Metadata-Version: 2.1
Name: sempler
Version: 0.2.14
Summary: Sample from general structural causal models (SCMs).
Home-page: https://github.com/juangamella/sempler
Author: Juan L Gamella
Author-email: juangamella@gmail.com
License: BSD 3-Clause License
Description-Content-Type: text/markdown
Provides-Extra: DRFNet
License-File: LICENSE.txt

# Sempler: generate synthetic and realistic semi-synthetic data with known ground truth for causal discovery

[![PyPI version](https://badge.fury.io/py/sempler.svg)](https://badge.fury.io/py/sempler)
[![Downloads](https://static.pepy.tech/badge/sempler)](https://pepy.tech/project/sempler)
[![License](https://img.shields.io/badge/License-BSD_3--Clause-blue.svg)](https://opensource.org/licenses/BSD-3-Clause)

![Real and semi-synthetic data produced from the Sachs dataset](./docs/marginals.png)

[Documentation at https://sempler.readthedocs.io/en/latest/]

Sempler allows you to generate synthetic data from SCMs and semi-synthetic data with known causal ground truth but distributions closely resembling those of a real data set of choice.

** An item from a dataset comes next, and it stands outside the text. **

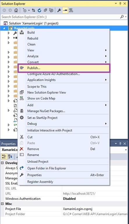 Next go to Solution Explorer-> Project Name then Right Click to Click Publish then open new popup window for Publish Web.

It is one of the software contributions of the paper [*"Characterization and Greedy Learning of Gaussian Structural Causal Models under Unknown Interventions"*](https://arxiv.org/abs/2211.14897) by Juan L. Gamella, Armeen Taeb, Christina Heinze-Deml and Peter Bühlmann. You can find more details in Appendix E of the paper.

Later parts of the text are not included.